I've been looking into the implementation details for various joints, as I'm working very closely with Featherstone's articulated rigid body algorithms in my research. I'm currently able to get very close to, but not quite matching DART's results with my own custom, linearised version of the algorithm when simulating my robot, but the errors (compared to DART's implementation) increase significantly as the transform from the origin to the base of my robot increases (particularly rotations), which is represented as a 6-dof free joint.
Obviously there are other ways of representing this, e.g. a pure SE3 matrix logarithm, but DART's implementation seems to have the free joint generalised position vector as the tangent space to the rotation (using the SO3 matrix logarithmic map and exponential map to convert between them) and the translation with respect to the parent body frame (with no conversion necessary). This corresponds simply to a rotation about the parent frame, followed by a translation, again with respect to the parent frame. Is this correct? DART then uses a fixed joint jacobian matrix equal to the adjoint of the transform of the child from the joint connection point, with the derivative equal to zero.

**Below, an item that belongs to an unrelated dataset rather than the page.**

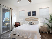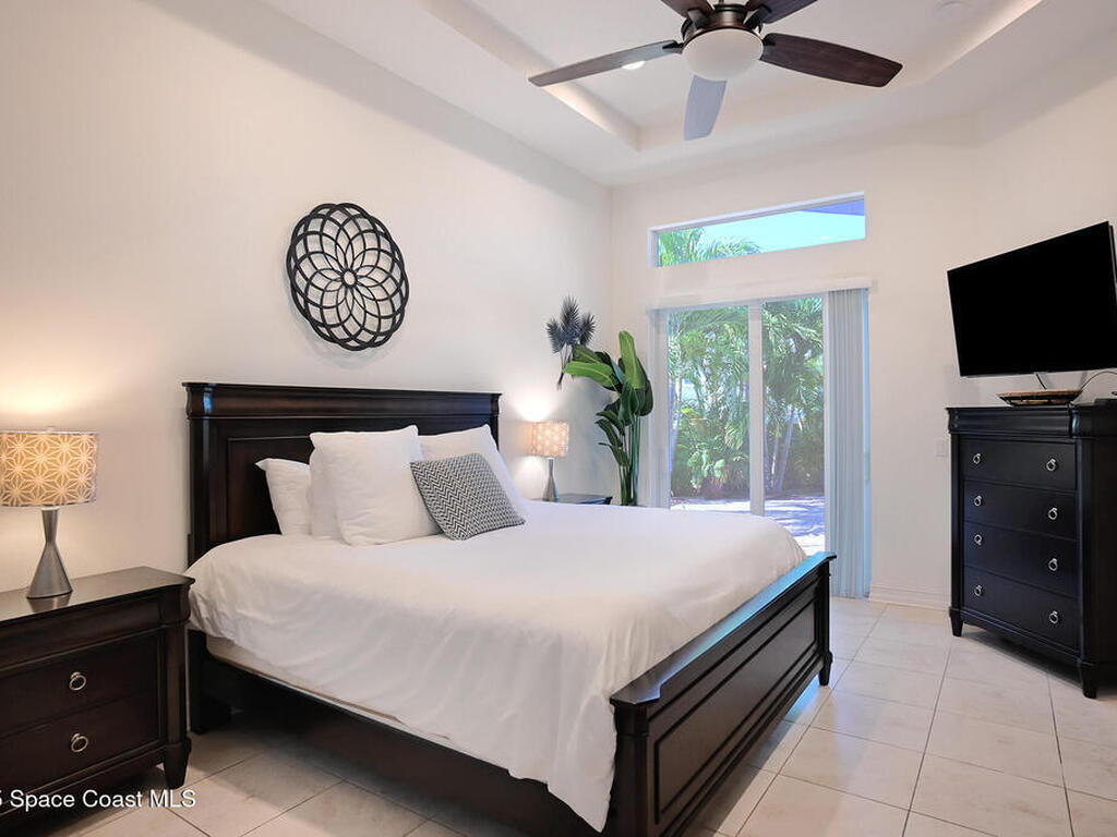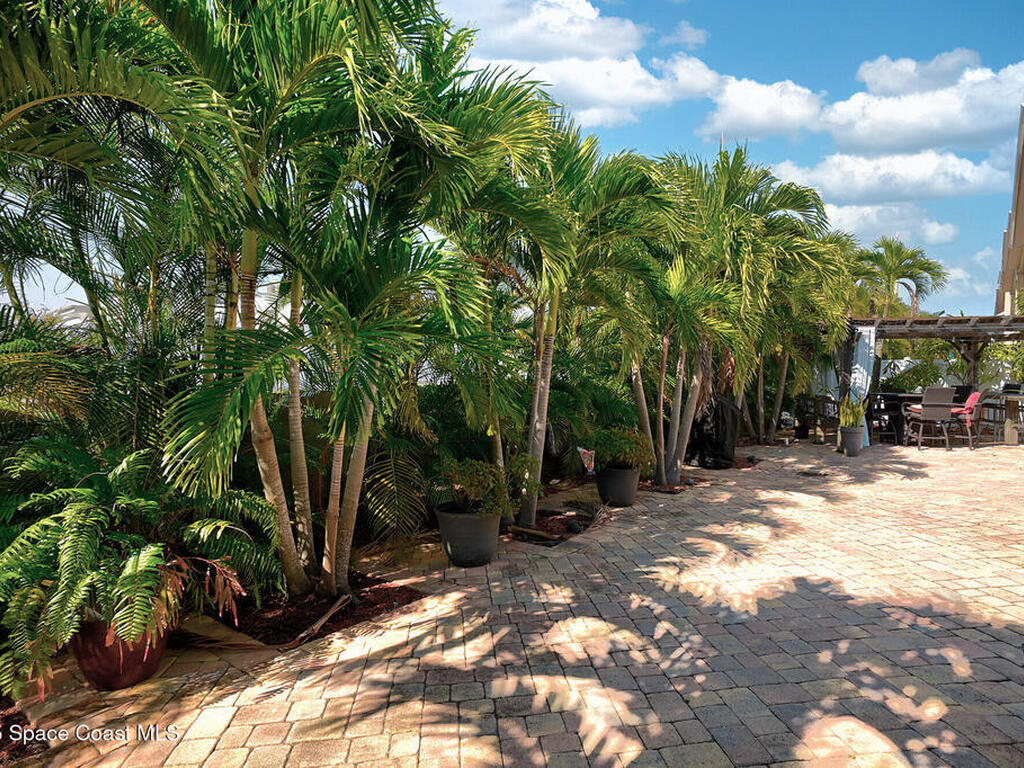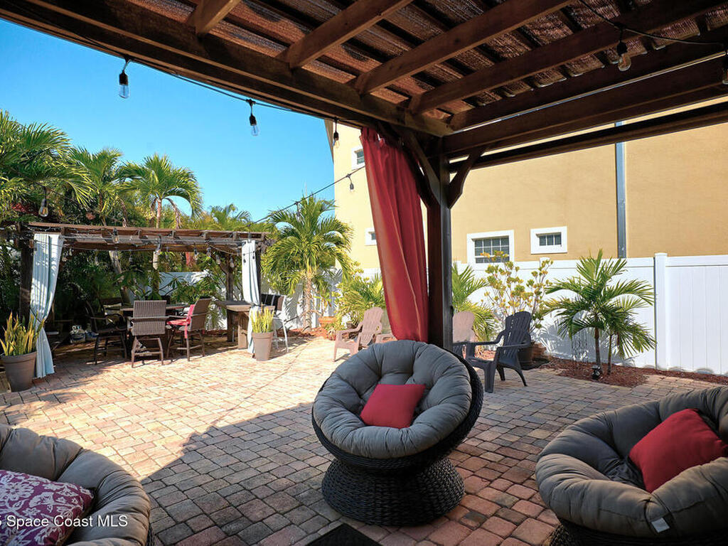 INVESTOR ALERT! AIR B N B this stunning, furnished beachside townhome that stands apart, marrying luxury design with everyday practicality. Highlights include a barrel tile roof, paver driveway, impact-rated windows/sliders. Outdoor entertaining area shines with pergolas, pavers, palm landscaping, and tasteful lighting and large pavered patio. Inside, the space exudes an interior designer's touch w/ lofty 12-foot ceilings, 8-foot doors and sliders, and a refined wrought-iron staircase. Transom windows bathe rooms in natural light, underscoring rich wood and tile flooring. A granite wet bar pairs with a chef's kitchen featuring soft-close cabinetry, granite counters, and S/S appliances, a breakfast bar adds casual seating. First floor owner's retreat opens to pergola patio and features a tray ceiling, plus a primary, spa like bath w/garden tub & separate shower. HOA covers roof replacement + exterior building maintenance, lawn and pool care. Beach access just a short drive away.

In Featherstone's book, Rigid Body Dynamics Algorithms, page 81, example 4.5:
That is, in order for the joint jacobian derivative to be zero, the joint parameterisation of the free joint should include the translation of the parent to the child, but in the coordinates of the child frame rather than the coordinates of the parent frame.
This leads to my question: Have I made a mistake in my understanding of the DART implementation, or the mathematics behind it? Or is the effect of the derivative of the joint jacobian minimal enough in stable simulation cases that a slight error here doesn't matter? Or can the jacobian derivative still be zero (and jacobian fixed) if the translation component is still given in the coordinates of the parent frame? The latter does not seem to be true later on in Featherstone's book, but using the child-frame translations instead makes calculating velocities from them that much harder.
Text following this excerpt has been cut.